I just put FileString on github: http://github.com/apeiros/filestring
FileString is a class that wraps a path on the filesystem (a file)
and provides an exact copy of the String API. This means you can
code as if you had a String and your file on the disk gets
manipulated just "magically".

Interesting choice to use a String. I used Tie::File a couple of
times in Perl code. It works as an Array instead:

http://search.cpan.org/~mjd/Tie-File-0.96/lib/Tie/File.pm

James Edward Gray II
 
J

Joel VanderWerf

James said:
Interesting choice to use a String. I used Tie::File a couple of times
in Perl code. It works as an Array instead:

http://search.cpan.org/~mjd/Tie-File-0.96/lib/Tie/File.pm

James Edward Gray II

What would the advantage over mmap[1] be? FileString is pure ruby
(right?) and hence more portable, but probably mmap is much more
efficient? Any other tradeoffs?

[1] http://moulon.inra.fr/ruby/mmap.html; looks like this project of Guy
Decoux's has been recently adopted by knu: http://github.com/knu/ruby-mmap.
 
A

apeiros

Hi Joel
What would the advantage over mmap[1] be? FileString is pure ruby
(right?) and hence more portable, but probably mmap is much more
efficient? Any other tradeoffs?

Interesting, I was looking if a solution existed already and didn't find mmap. Yes, FileString is pure ruby and should therefore run on all ruby implementations. And yes, I'd expect mmap to be more efficient on the other hand. It'd be interesting to combine the two (if that's at all possible).
In a quick test it seems FileString is more complete too, e.g. Mmap doesn't have #replace (should be trivial to add). But Mmap has the feature to only tie a part of the file.
Thanks for the link

Regards
Stefan
 
A

apeiros

-------- Original-Nachricht --------
Datum: Mon, 9 Nov 2009 12:37:17 +0900
Von: James Edward Gray II <[email protected]>
An: (e-mail address removed)
Betreff: Re: FileString - request for comments

Interesting choice to use a String. I used Tie::File a couple of
times in Perl code.

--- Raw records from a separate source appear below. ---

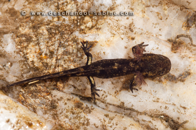 : Salamandre tachetée (Salamandra salamandra almanzoris), larve, Sierra de Gredos, Espagne.
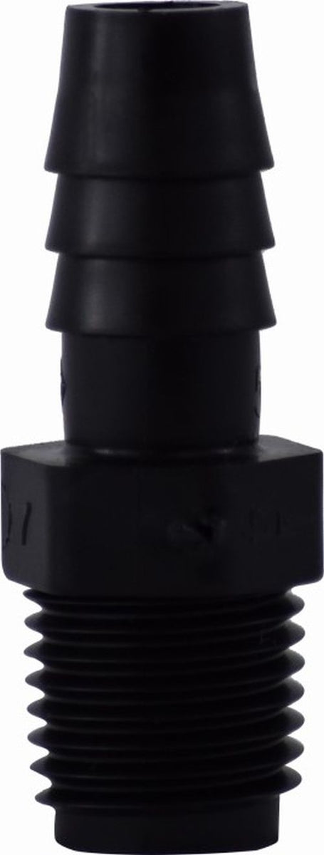 33014B | 3/8 X 1/2 (HB X MIP BLK POLY ADPT), Plastic Fittings, Plastic Hose Barbs, Male Adapter Hose ID x MIP | Midland Metal Mfg.
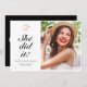 celebrate your graduation with this simple script photo graduation card.This graduation card design has announcement at the front and grad party invitation at the back. You can change the photo and other details by clicking on the customise link.

It works as an Array instead:

http://search.cpan.org/~mjd/Tie-File-0.96/lib/Tie/File.pm

James Edward Gray II

Somebody I know already implemented a TieFile in ruby, the repository is at http://killerfox.protection-fault.ch/gitrepo/tie_file.git

Personally I don't tend to think of a file as an array. I'd use Tie::File if I'd need a persistent array, so the problem is coming "the other way round". With FileString I explicitly want to deal with a File, but not with an IO like API (of course you could go at it as "I need a persistent String" too - but that wasn't/isn't the case for me).

Regards
Stefan
 
E

Eleanor McHugh

Hi Joel
What would the advantage over mmap[1] be? FileString is pure ruby
(right?) and hence more portable, but probably mmap is much more
efficient? Any other tradeoffs?

Interesting, I was looking if a solution existed already and didn't
find mmap. Yes, FileString is pure ruby and should therefore run on
all ruby implementations. And yes, I'd expect mmap to be more
efficient on the other hand. It'd be interesting to combine the two
(if that's at all possible).
In a quick test it seems FileString is more complete too, e.g. Mmap
doesn't have #replace (should be trivial to add). But Mmap has the
feature to only tie a part of the file.

It would probably be fairly trivial for you to directly support mmap
at the OS level using Ruby/DL, Ruby-FFI or even syscall (although
that's ugly and fragile). Take a look at some of my Plumber's Guide
presentations at the link in my signature and also at http://kenai.com/projects/ruby-ffi
for details of how to wrap these kinds of system calls such that
they'll run identically on JRuby, Rubinius and MRI.


Ellie

Eleanor McHugh
Games With Brains
http://slides.games-with-brains.net
 
R

Robert Klemme

2009/11/9 Eleanor McHugh said:
On 9 Nov 2009, at 13:54, (e-mail address removed) wrote:
It would probably be fairly trivial for you to directly support mmap at the
OS level using Ruby/DL, Ruby-FFI or even syscall (although that's ugly and
fragile).

I am still trying to wrap my head around the question whether hiding
file IO behind a String API is a good idea. Basically the reason to
create something like this is to be able to use a file in places which
expect to be given a String instance. However, code that uses String
assumes fast access to arbitrary portions of the string. When those
accesses are translated into random accesses to a file performance
_might_ suffer dramatically. Put differently: hiding the fact that we
are dealing with a file is convenient but may actually break your
neck. And although at a certain level of abstraction a file and a
String are pretty much the same (sequence of chars / bytes) it may
actually be a good thing to keep the API separate in order to treat
both appropriately. Stefan, what's your experience?

Kind regards

robert
 
R

Ralph Shnelvar

Robert,

RK> I am still trying to wrap my head around the question whether hiding
RK> file IO behind a String API is a good idea.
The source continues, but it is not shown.